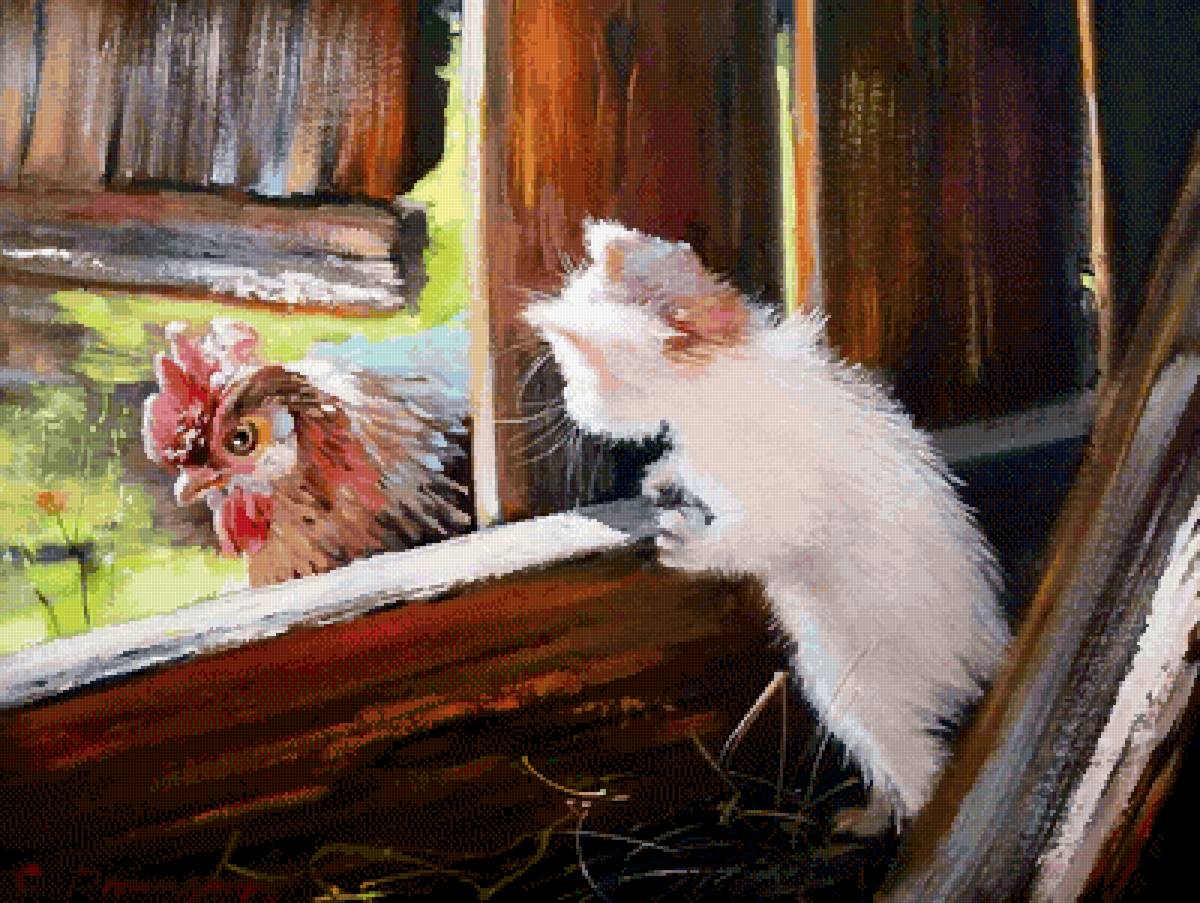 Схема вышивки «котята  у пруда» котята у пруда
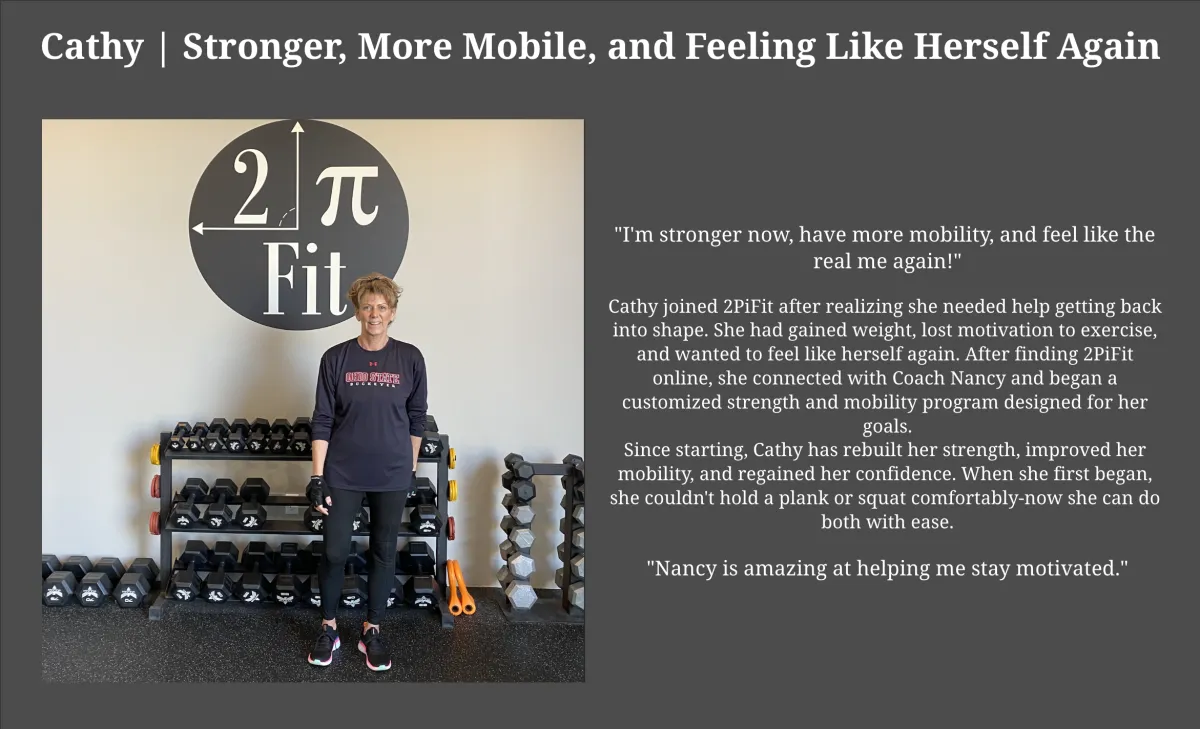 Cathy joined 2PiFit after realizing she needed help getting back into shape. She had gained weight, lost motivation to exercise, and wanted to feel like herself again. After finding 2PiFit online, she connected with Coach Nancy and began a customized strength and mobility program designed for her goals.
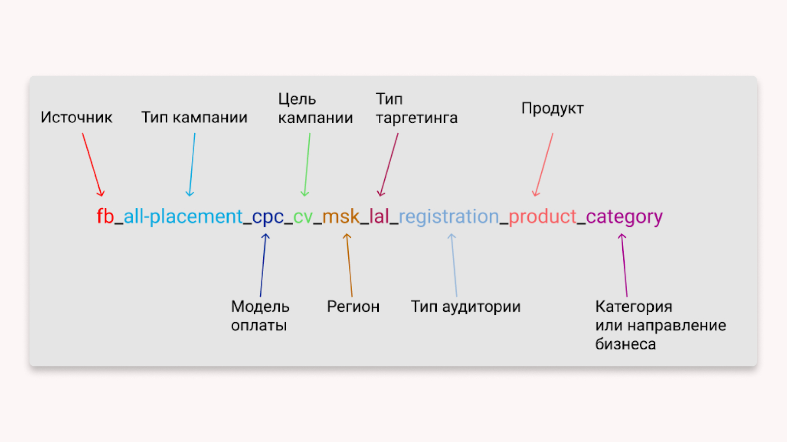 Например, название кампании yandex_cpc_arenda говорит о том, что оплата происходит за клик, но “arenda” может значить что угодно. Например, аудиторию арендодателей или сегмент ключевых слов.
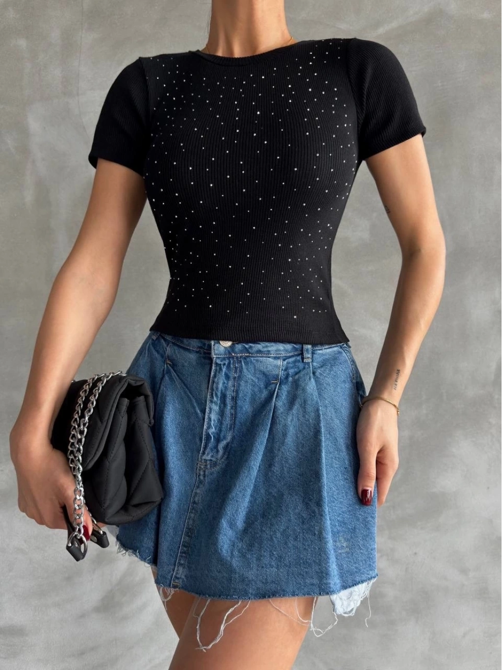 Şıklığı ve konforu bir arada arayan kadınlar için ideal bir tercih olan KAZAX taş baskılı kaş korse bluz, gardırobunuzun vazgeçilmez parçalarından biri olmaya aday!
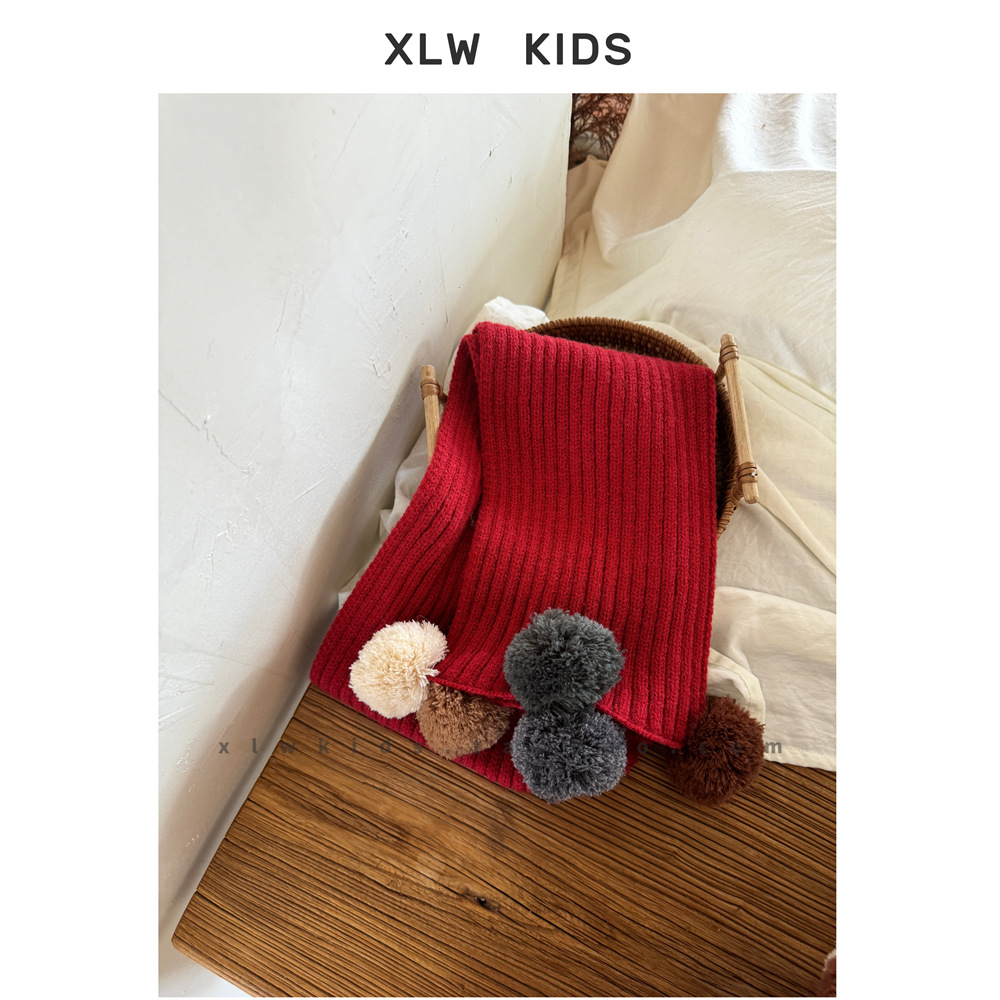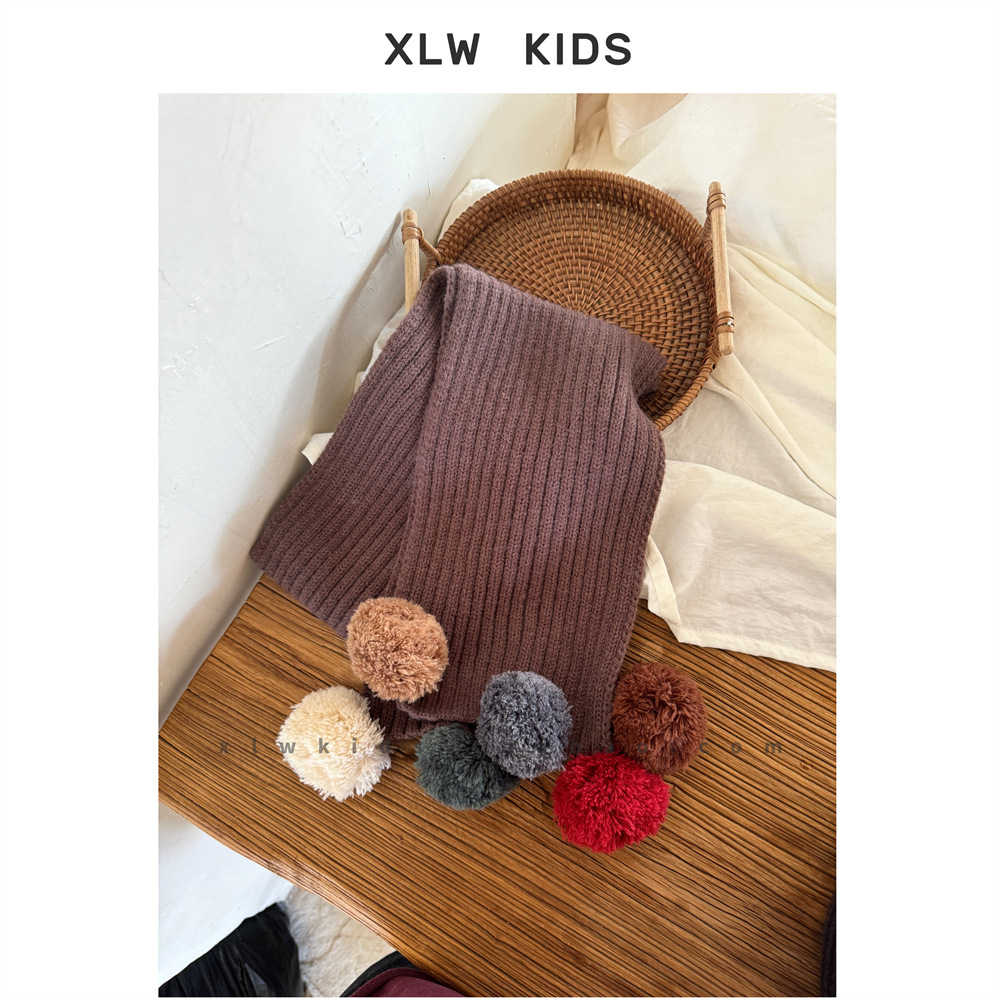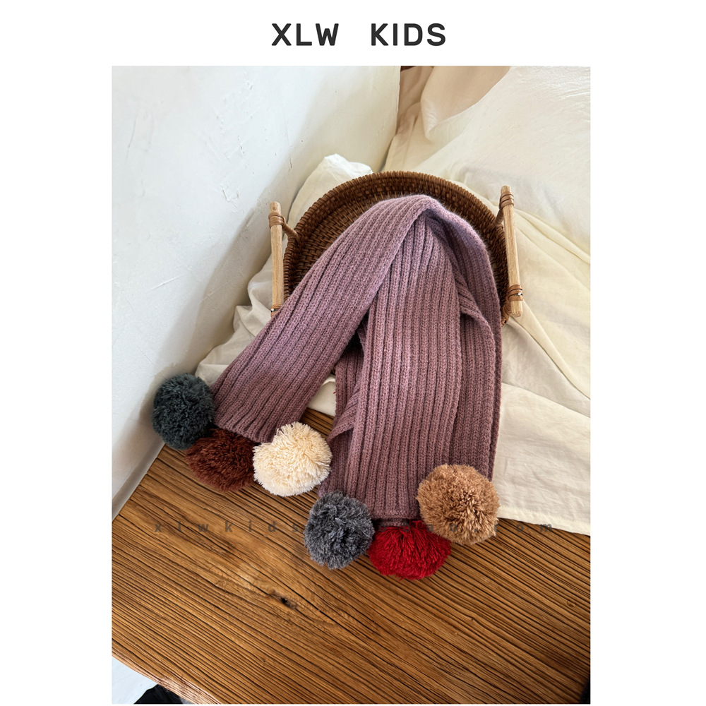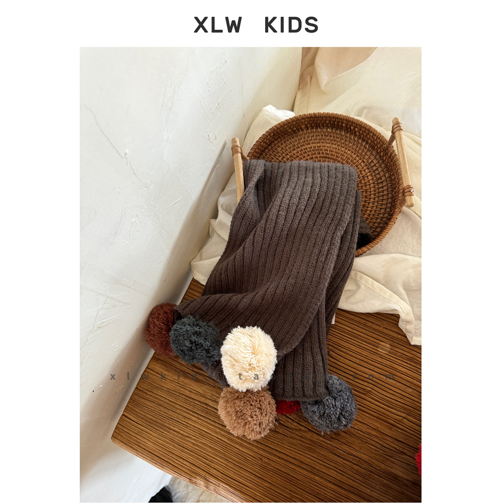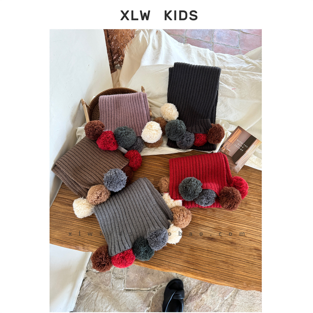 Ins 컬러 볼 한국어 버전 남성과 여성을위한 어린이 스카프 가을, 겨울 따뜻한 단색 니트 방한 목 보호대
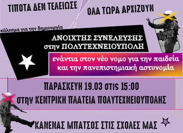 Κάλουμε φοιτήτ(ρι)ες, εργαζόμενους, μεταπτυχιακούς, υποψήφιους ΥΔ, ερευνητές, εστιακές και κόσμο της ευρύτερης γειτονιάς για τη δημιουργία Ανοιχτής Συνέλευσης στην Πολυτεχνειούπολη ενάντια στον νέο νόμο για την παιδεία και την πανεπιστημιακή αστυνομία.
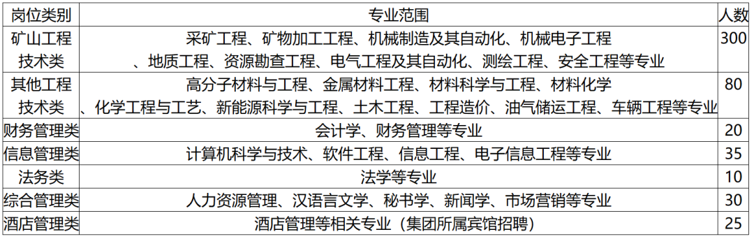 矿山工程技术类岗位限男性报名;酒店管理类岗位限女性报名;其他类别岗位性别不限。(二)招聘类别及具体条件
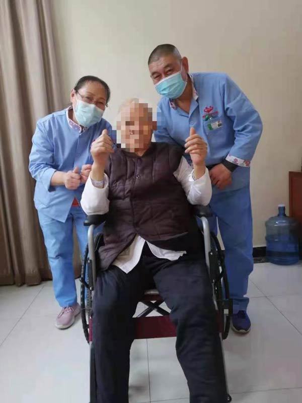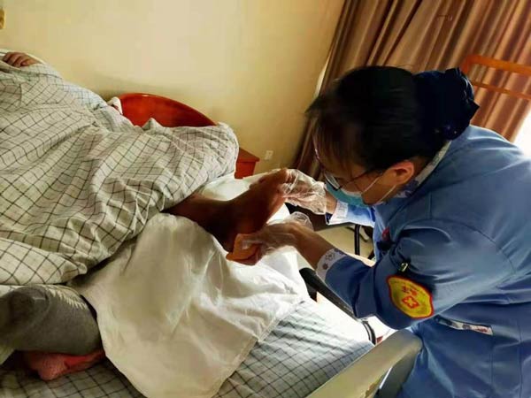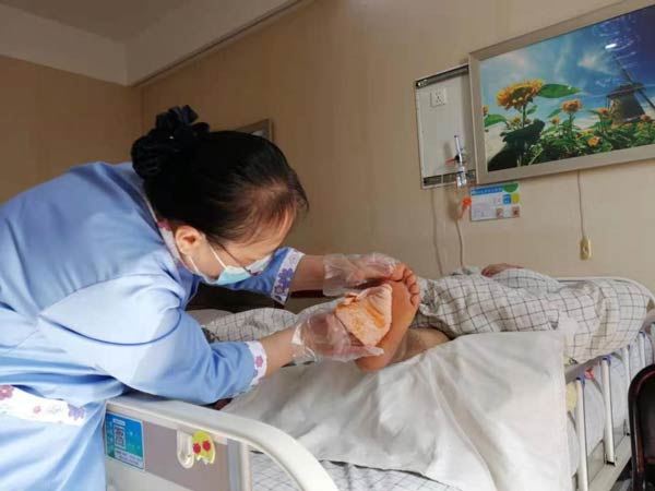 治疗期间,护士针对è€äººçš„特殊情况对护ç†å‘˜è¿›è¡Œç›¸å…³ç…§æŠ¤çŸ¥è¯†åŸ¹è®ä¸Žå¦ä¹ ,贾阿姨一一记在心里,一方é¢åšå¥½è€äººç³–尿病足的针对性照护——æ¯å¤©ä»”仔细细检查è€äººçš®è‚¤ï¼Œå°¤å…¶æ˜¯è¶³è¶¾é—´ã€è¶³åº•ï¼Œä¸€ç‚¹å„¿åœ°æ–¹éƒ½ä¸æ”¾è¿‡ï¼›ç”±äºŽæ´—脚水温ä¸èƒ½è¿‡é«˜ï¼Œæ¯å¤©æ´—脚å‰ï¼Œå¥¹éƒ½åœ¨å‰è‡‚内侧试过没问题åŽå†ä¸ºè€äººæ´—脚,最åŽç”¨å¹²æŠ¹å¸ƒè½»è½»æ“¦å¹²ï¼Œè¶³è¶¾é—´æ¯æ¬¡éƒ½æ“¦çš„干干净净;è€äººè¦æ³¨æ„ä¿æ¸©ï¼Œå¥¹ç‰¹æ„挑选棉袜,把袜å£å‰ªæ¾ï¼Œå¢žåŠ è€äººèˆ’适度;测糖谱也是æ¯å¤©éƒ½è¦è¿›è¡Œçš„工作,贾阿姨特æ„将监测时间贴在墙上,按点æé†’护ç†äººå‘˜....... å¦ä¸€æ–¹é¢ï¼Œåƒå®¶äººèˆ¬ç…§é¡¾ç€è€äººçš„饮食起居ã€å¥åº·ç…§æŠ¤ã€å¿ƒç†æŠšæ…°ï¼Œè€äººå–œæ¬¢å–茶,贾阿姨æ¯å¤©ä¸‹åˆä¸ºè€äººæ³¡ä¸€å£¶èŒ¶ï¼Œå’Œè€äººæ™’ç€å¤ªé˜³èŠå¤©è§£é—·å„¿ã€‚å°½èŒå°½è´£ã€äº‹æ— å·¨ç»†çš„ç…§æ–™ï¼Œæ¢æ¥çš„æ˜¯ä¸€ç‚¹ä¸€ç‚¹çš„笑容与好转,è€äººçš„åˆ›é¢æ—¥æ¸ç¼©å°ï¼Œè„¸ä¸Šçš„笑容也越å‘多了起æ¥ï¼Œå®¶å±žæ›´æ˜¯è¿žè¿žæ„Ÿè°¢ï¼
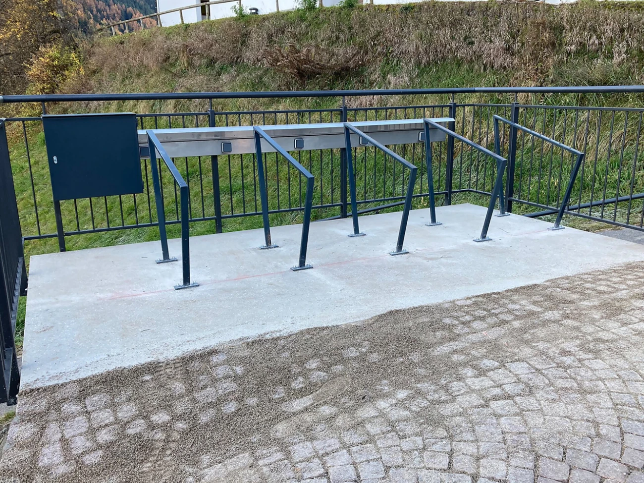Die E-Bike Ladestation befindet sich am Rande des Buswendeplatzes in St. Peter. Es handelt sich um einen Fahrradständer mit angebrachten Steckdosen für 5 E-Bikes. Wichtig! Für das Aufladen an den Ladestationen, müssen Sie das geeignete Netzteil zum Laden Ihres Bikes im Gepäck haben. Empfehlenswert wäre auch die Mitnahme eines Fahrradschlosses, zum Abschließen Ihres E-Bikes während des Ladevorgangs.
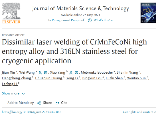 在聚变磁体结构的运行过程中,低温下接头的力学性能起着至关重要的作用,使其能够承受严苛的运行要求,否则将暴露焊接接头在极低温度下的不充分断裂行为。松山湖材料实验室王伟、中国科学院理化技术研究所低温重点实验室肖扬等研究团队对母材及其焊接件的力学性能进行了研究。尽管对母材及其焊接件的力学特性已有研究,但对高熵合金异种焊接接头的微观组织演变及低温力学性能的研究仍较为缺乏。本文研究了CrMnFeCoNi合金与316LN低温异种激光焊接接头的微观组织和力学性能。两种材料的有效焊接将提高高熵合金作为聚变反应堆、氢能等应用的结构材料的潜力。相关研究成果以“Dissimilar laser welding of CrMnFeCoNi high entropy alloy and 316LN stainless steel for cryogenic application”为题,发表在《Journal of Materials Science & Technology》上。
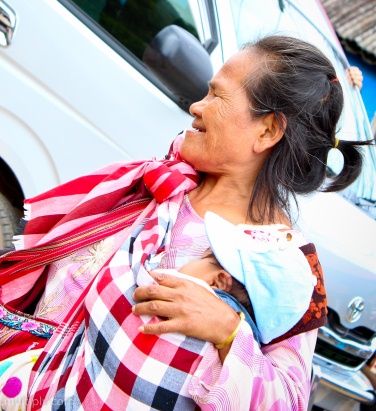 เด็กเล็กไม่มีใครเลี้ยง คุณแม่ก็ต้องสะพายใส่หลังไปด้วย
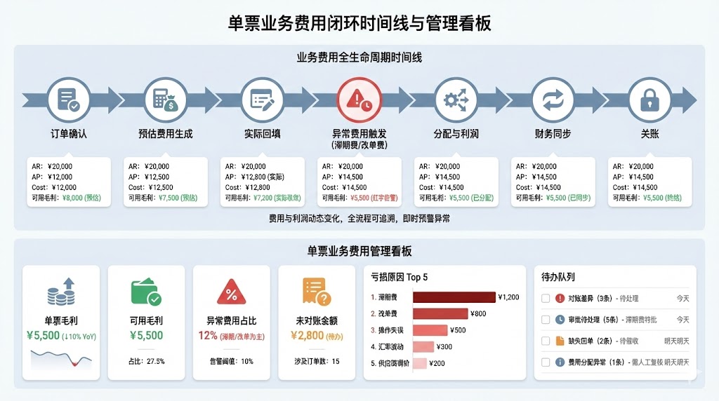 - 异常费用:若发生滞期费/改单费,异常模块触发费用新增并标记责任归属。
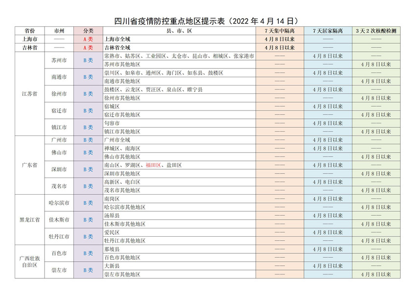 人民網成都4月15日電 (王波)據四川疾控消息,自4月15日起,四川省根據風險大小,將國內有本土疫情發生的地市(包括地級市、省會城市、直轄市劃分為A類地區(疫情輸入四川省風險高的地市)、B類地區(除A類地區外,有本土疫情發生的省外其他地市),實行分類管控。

▶ REQUIRED WORK:
What you give back must be exactly the lines from the opening line of the entries through the line holding "Cathy joined 2PiFit", with no pictures.

▶ SOLVED EXERCISE:
 Схема вышивки «котята  у пруда» котята у пруда
 Cathy joined 2PiFit after realizing she needed help getting back into shape. She had gained weight, lost motivation to exercise, and wanted to feel like herself again. After finding 2PiFit online, she connected with Coach Nancy and began a customized strength and mobility program designed for her goals.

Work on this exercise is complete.